Just to clarify, "live with the consequences" wasn't necessarily meant as a bad thing, there are consequences to literally everything. You know that the consequence of missing an actual appointment is far greater than the consequence of a potential accident. (Not entirely sure if that _was_ aimed at me, but I was the last to use that phrase)

ETA: It was also used to illustrate that it's not my business to tell someone else to use carseats, as if anything should happen it's them who have to live with it, not me.


----------



## Ozzieshunni

LauraBee said:


> Ozzieshunni said:
> 
> 
> I don't think people realize how offensive it is to tell us we're being irresponsible or that we have to "live with the consequences."
> 
> Just to clarify, "live with the consequences" wasn't necessarily meant as a bad thing, there are consequences to literally everything. You know that the consequence of missing an actual appointment is far greater than the consequence of a potential accident. (Not entirely sure if that _was_ aimed at me, but I was the last to use that phrase)
> 
> ETA: It was also used to illustrate that it's not my business to tell someone else to use carseats, as if anything should happen it's them who have to live with it, not me.Click to expand...

Well, unfortunately, in my case, it is a pretty bad consequence to miss one of Alex's appointments, seeing as the specialist he sees is only there once every couple of weeks. It's just unfair for people (not you) to judge others without knowing a situation. I think that's all I have to say.


----------



## LauraBee

Ozzieshunni said:


> It's just unfair for people to judge others without knowing a situation.

100% agree with you!


----------



## louandivy

Ozzieshunni said:


> LauraBee said:
> 
> 
> 
> 
> 
> Ozzieshunni said:
> 
> 
> I don't think people realize how offensive it is to tell us we're being irresponsible or that we have to "live with the consequences."
> 
> Just to clarify, "live with the consequences" wasn't necessarily meant as a bad thing, there are consequences to literally everything. You know that the consequence of missing an actual appointment is far greater than the consequence of a potential accident. (Not entirely sure if that _was_ aimed at me, but I was the last to use that phrase)
> 
> ETA: It was also used to illustrate that it's not my business to tell someone else to use carseats, as if anything should happen it's them who have to live with it, not me.Click to expand...
> 
> Well, unfortunately, in my case, it is a pretty bad consequence to miss one of Alex's appointments, seeing as the specialist he sees is only there once every couple of weeks. It's just unfair for people (not you) to judge others without knowing a situation. I think that's all I have to say.Click to expand...

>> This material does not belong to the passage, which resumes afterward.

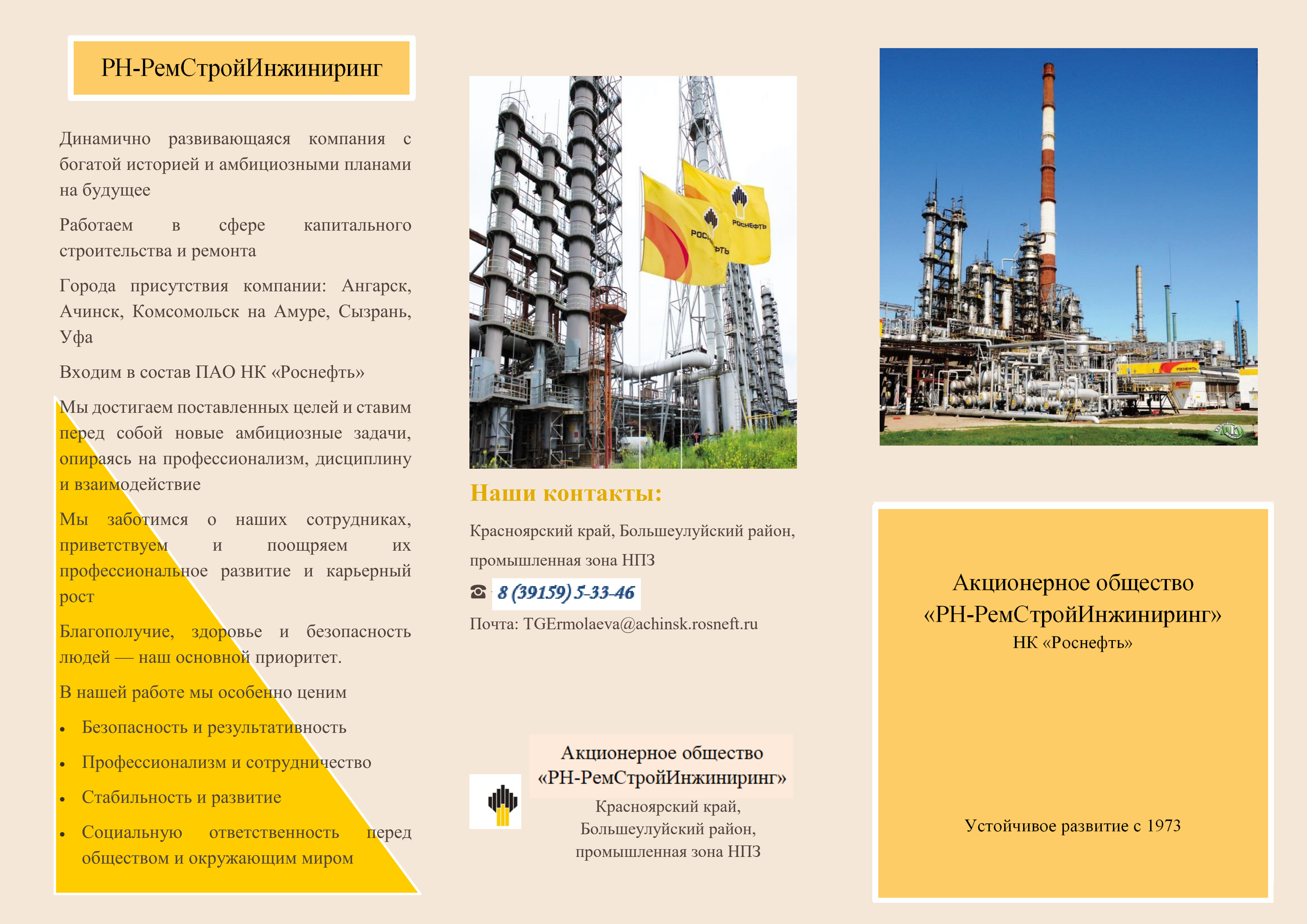Города присутствия компании: Ангарск, Ачинск, Комсомольск на Амуре, Сызрань, Уфа

Aren't you the one who basically said that mothers of kids with persistent nit problems are negligent? How hypocritical!


----------



## lhancock90

I don't see how "live with the consequences" is offensive.
Its true.
I formula feed, vaccinate etc. Things other women wouldn't agree with and i live with the consequences of that. Whatever they may be. I'm not offended when this has been said to me. 
:shrug:


----------



## Meredith2010

Only just come across this thread...

I have to admit I have been guilty of this a couple of times, when we go to the inlaws for dinner and put LO (this was before I had my daughter) to bed and then didn't want to wake him up to get him home (he's in a sleeping bag so would have to take him out to get the car seat done up). They live 1/4 mile from us down a sleepy residential road where you don't pass anyone in the day let alone 11pm at night - not that it makes what we do any more legal. So hubby holds him asleep in the car. 

I know it's wrong and the few times we've done it we know we shouldn't - but I suppose it's just weighing up the risk really. I literally drive at 10 miles an hour and we've never passed another car... but yes I know it's wrong so can't really defend myself.


----------



## PepsiChic

when my family booked a taxi in scotland for 8 (7 plus Barry in his car seat - which we DID tell them about)...

the taxi driver pulled up and tried to put the carseat in the trunk and said "he can sit on your lap i only have 6 seats in the back and one in the front.

well we refused to get in and he was furious said we cost him lots of money driving all the way to the airport from the city and how we should compensate him etc.

we told him where to go and called a different taxi company who not only had enough seats but the driver helped install the car seat rearfacing for us! 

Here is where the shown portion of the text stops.